# 2 Year old golden and 18 week old puppy.



## Patlom (Mar 24, 2017)

Hi.
We have a 2 and a half year old Golden girl named Honey who we love dearly.
We now also have a 18 week old Golden girl named Rosie.

The puppy is full of life and is running Honey ragged.
Jumping all over her, pulling her tail and biting down on her snout. Causing slight bleeding.

I know she is young and only playing and Honey does absolutely nothing to stop her.
Honey loves fetching tennis balls but this is now almost impossible as Rosie jumps on her or grabs hold of her tail.

I think it needs Honey to growl at her to let her know that she is out of order, but she is so soft.

Will the Puppy grow out of it as she gets older?


----------



## Pilgrim123 (Jul 26, 2014)

Hi and welcome to the forum! Yes, your puppy will grow out of pestering Honey. Also, Honey may be giving your pup what we call a "puppy pass", where puppies can get away with all sorts of behaviour until they are considered old enough to know better by any older dogs. Then, the older dog will usually put the puppy in its place. You can always separate them if the teasing becomes too much for her.
Having said that, though, it might be an idea to give Honey some time alone with you anyway, so you both can play fetch together like you used to.


----------



## Patlom (Mar 24, 2017)

Pilgrim123 said:


> Hi and welcome to the forum! Yes, your puppy will grow out of pestering Honey. Also, Honey may be giving your pup what we call a "puppy pass", where puppies can get away with all sorts of behaviour until they are considered old enough to know better by any older dogs. Then, the older dog will usually put the puppy in its place. You can always separate them if the teasing becomes too much for her.
> Having said that, though, it might be an idea to give Honey some time alone with you anyway, so you both can play fetch together like you used to.


Thanks for your quick reply and putting my mind at rest.
I find it so frustrating that Honey puts up with it. She is such a gentle dog.

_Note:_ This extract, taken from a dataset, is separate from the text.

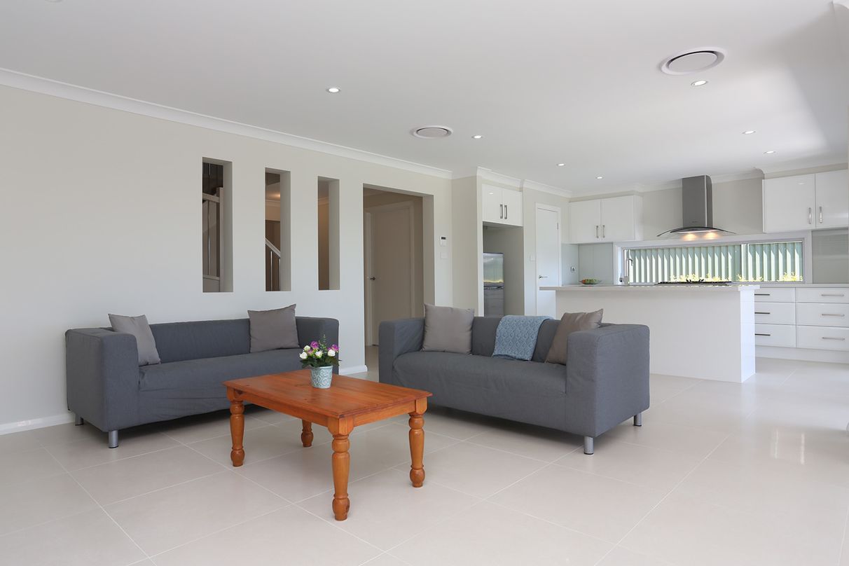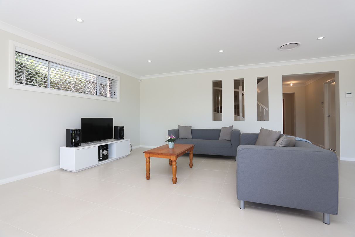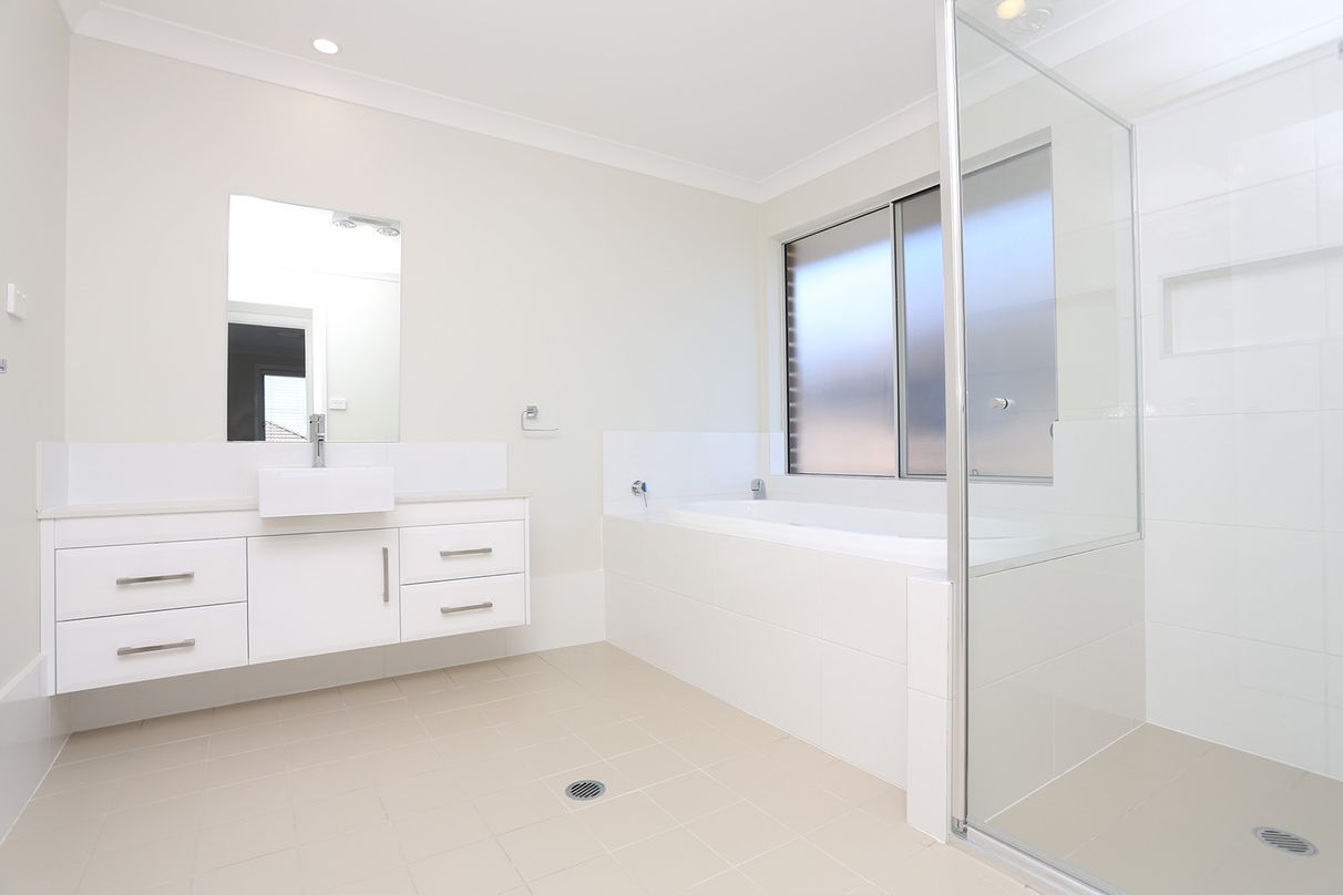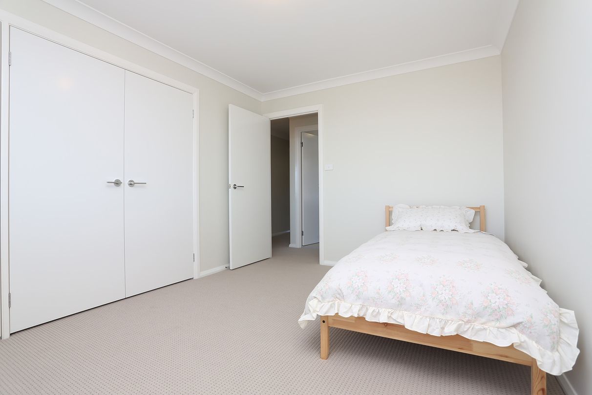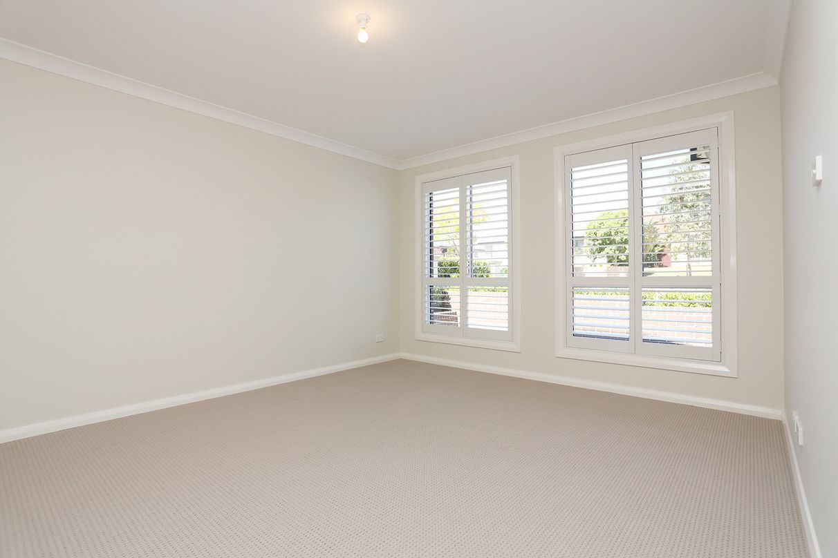 It has 4 large bedrooms, each with 4 power points and acoustic glass windows. The master bedroom has a walk-in-robe and en suite with a double sink vanity. The Master bedroom also has antenna and data points. All other bedrooms have large build-in-robes.

We live in a rural village in Thailand so dog classes etc do not exist.
We cannot even take the dogs for a walk as most village dogs run wild and always want to fight.
Animal welfare is not a priority here.

Luckily we have a large walled garden so our dogs have plenty of room to run around.
We are also lucky to have a good animal hospital in the city university so get all the vaccines etc.


----------



## nolefan (Nov 6, 2009)

Welcome, I hope you use a crate or baby gates to let Honey have some breaks from Rosie. Also you and your wife can split them up for separate training time - one of you pet Honey and play with her and the other put Rosie on a leash and work with her on her obedience commands. Keep it fun and use treats for Rosie, but make sure she is getting her training time. Also, if you can bring in some different toys, maybe it will make it easier to distract Rosie from stealing the ball from Honey. Good luck, it's a handful to raise a puppy after you are accustomed to a dog like Honey who has passed the naught stage.


----------



## Patlom (Mar 24, 2017)

Thanks. We are trying most of the things you suggest.
Rosie is a bit of a handful.

When Honey was young we had a mongrel dog who would not let Honey anyway near him.
They did end up as good friends though after a while.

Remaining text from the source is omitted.